Your assignment — Print the data below verbatim, minus images.

Source data —

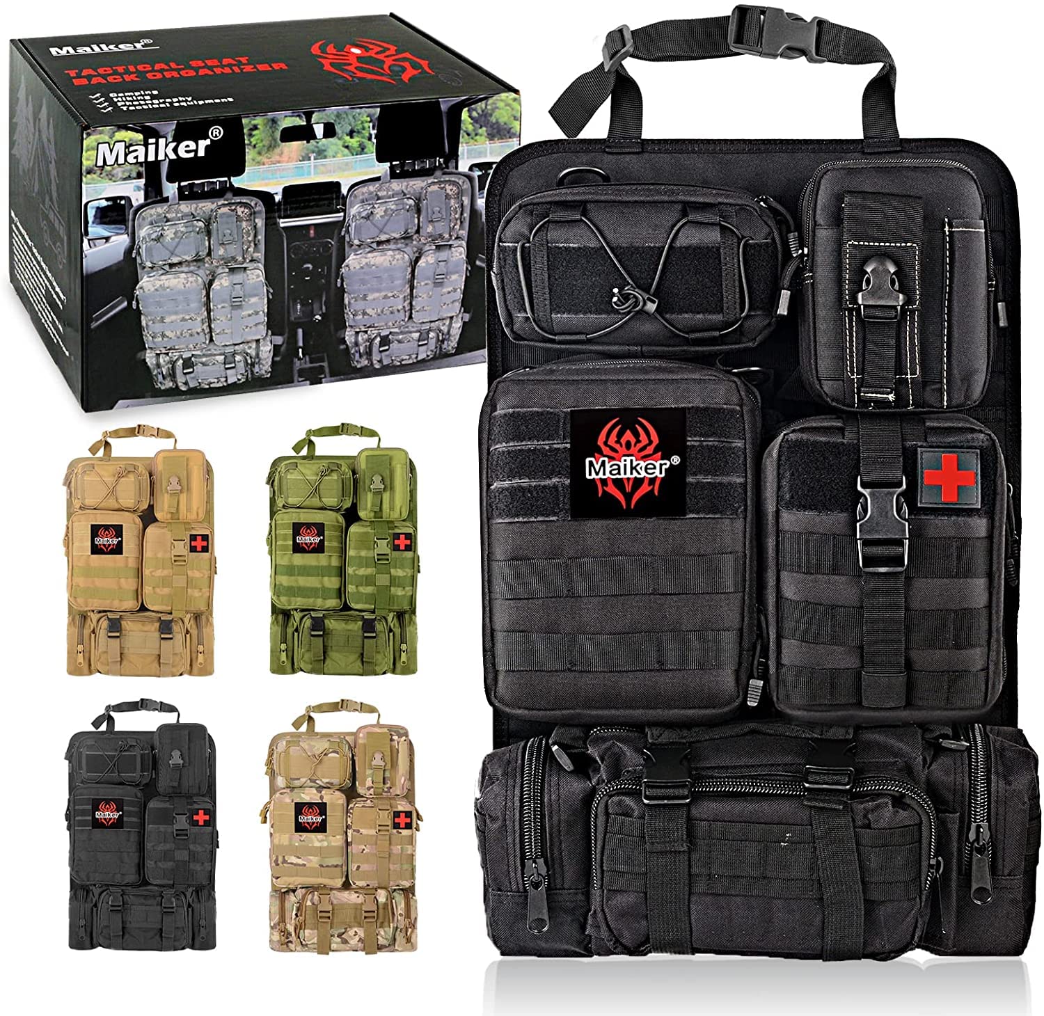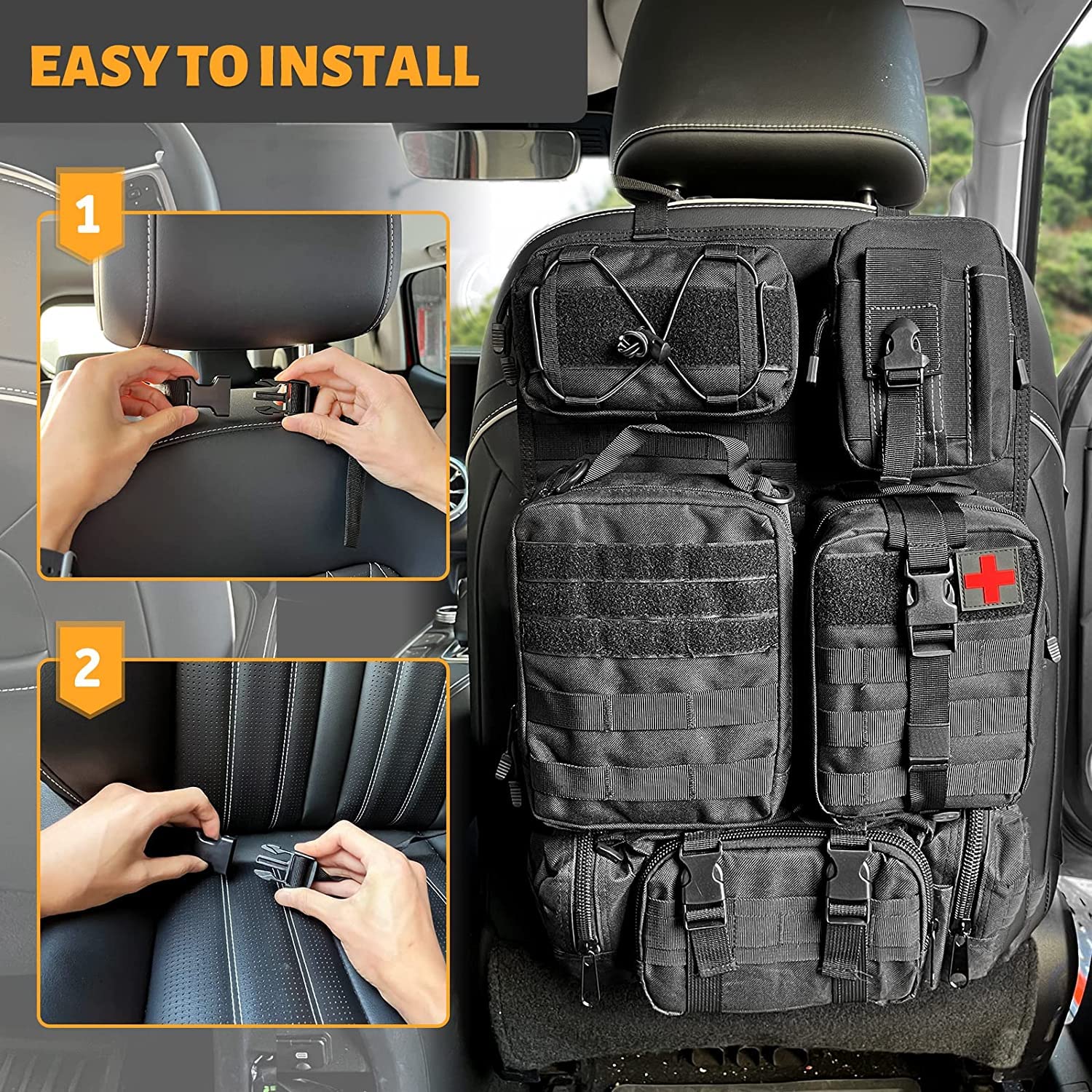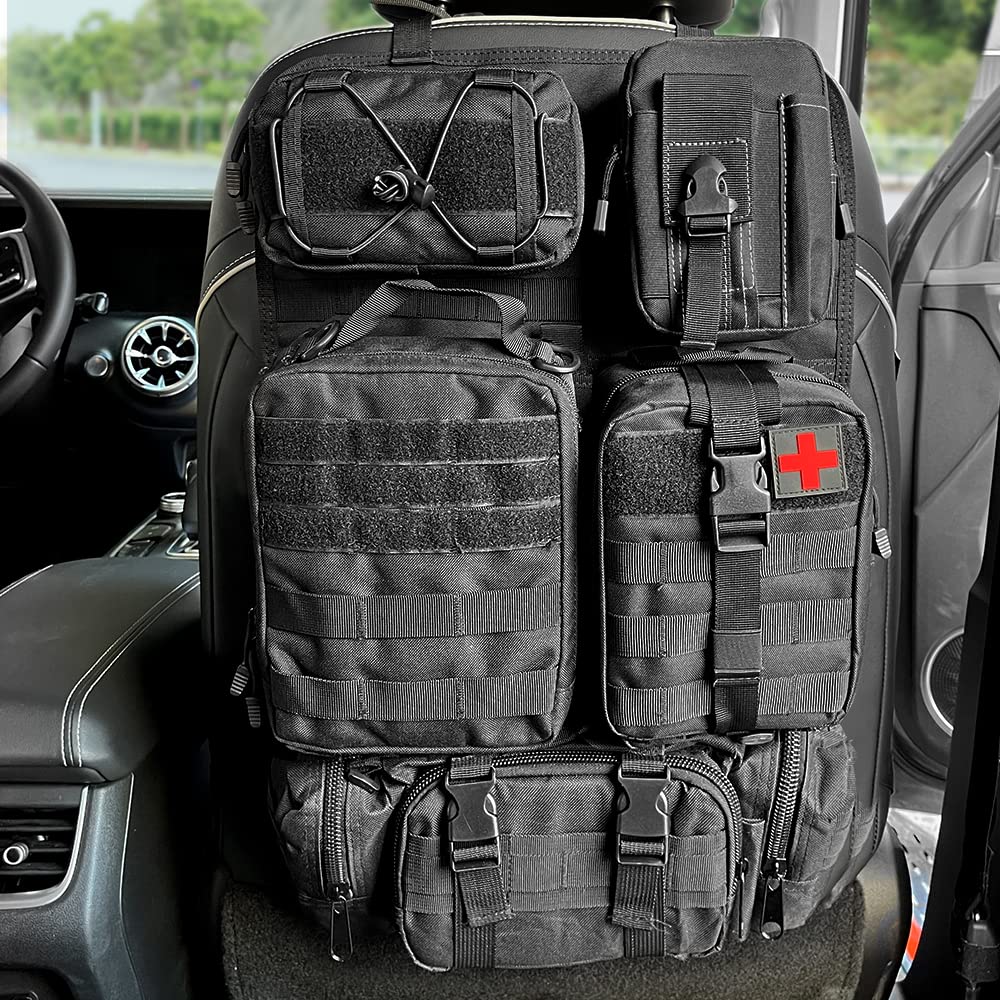 FUNY タクティカルカーシートバックオーガナイザー アップグレードタクティカルビークルパネルオーガナイザー 取り外し可能なモールポーチ5個付き ほとんどの車両にユニバーサルフィット (ブラック)
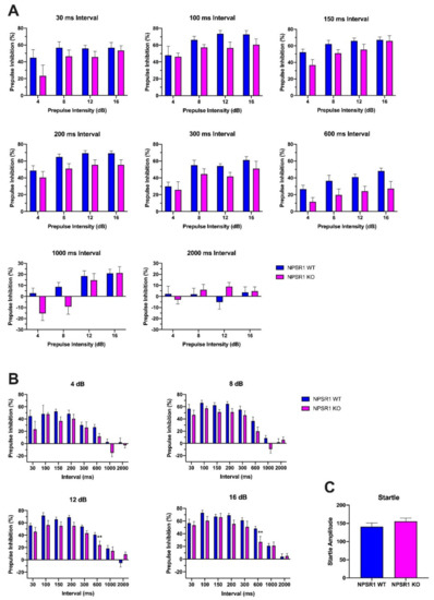 Looking at single prepulse levels across the range of ISIs tested, we found that the shape of PPI stimulus-response curves of NPSR1 WT and KO mice resembled the ISI-dependent PPI differences described for men and women [82], respectively. WT mice constantly display higher PPI than NPSR1 KO mice, and similarly men display higher PPI than women across all ISIs shorter than 1000 ms. At 1000 ms ISI, only NPSR1 KO mice exhibit prepulse facilitation (PPF) at low prepulse intensities (4 and 8 dB). Similarly, at the same ISI, more PPF is observed in women while rather PPI is seen in men [82]. At present, PPF has been less investigated compared to PPI and neuronal mechanisms underlying PPF remain largely unclear. One hypothesis suggests that PPI and PPF might be two aspects of a single underlying process, in which the sensory-motor gate is closed or narrow when ISIs are short (30–600 ms), thus inhibiting processing of newly incoming stimuli (pulse) while the current stimulus (prepulse) is being processed. When ISIs are long enough, however, the gate is open and ready to process the new stimulus because processing of the old stimulus has been completed [82,83,84]. In support of this theory, our results showed a smooth transition from PPI to PPF in NPSR1 KO mice.
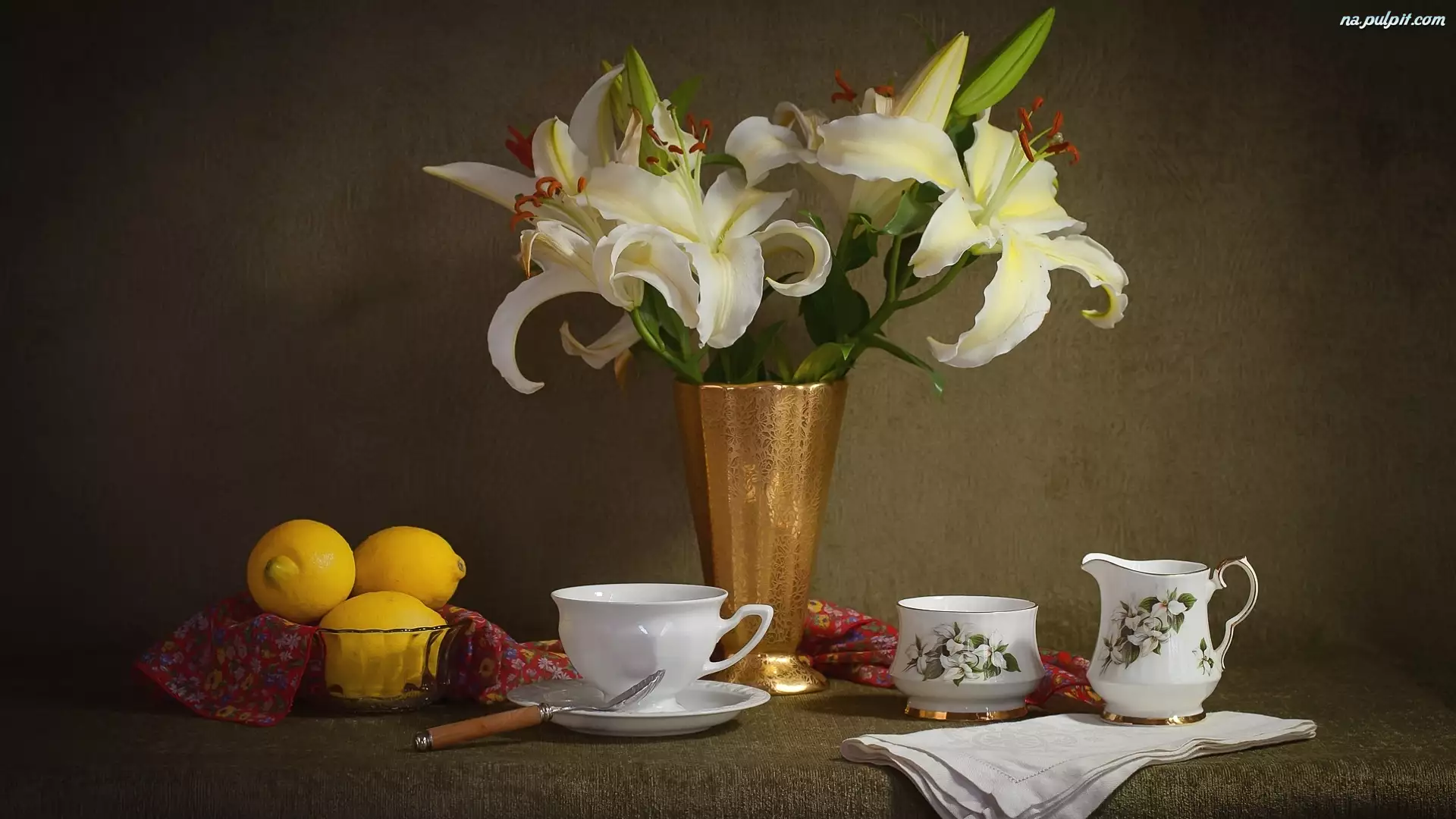 Lilie, Filiżanka, Bukiet, Kompozycja, Cytryny

Response —
 FUNY タクティカルカーシートバックオーガナイザー アップグレードタクティカルビークルパネルオーガナイザー 取り外し可能なモールポーチ5個付き ほとんどの車両にユニバーサルフィット (ブラック)
 Looking at single prepulse levels across the range of ISIs tested, we found that the shape of PPI stimulus-response curves of NPSR1 WT and KO mice resembled the ISI-dependent PPI differences described for men and women [82], respectively. WT mice constantly display higher PPI than NPSR1 KO mice, and similarly men display higher PPI than women across all ISIs shorter than 1000 ms. At 1000 ms ISI, only NPSR1 KO mice exhibit prepulse facilitation (PPF) at low prepulse intensities (4 and 8 dB). Similarly, at the same ISI, more PPF is observed in women while rather PPI is seen in men [82]. At present, PPF has been less investigated compared to PPI and neuronal mechanisms underlying PPF remain largely unclear. One hypothesis suggests that PPI and PPF might be two aspects of a single underlying process, in which the sensory-motor gate is closed or narrow when ISIs are short (30–600 ms), thus inhibiting processing of newly incoming stimuli (pulse) while the current stimulus (prepulse) is being processed. When ISIs are long enough, however, the gate is open and ready to process the new stimulus because processing of the old stimulus has been completed [82,83,84]. In support of this theory, our results showed a smooth transition from PPI to PPF in NPSR1 KO mice.
 Lilie, Filiżanka, Bukiet, Kompozycja, Cytryny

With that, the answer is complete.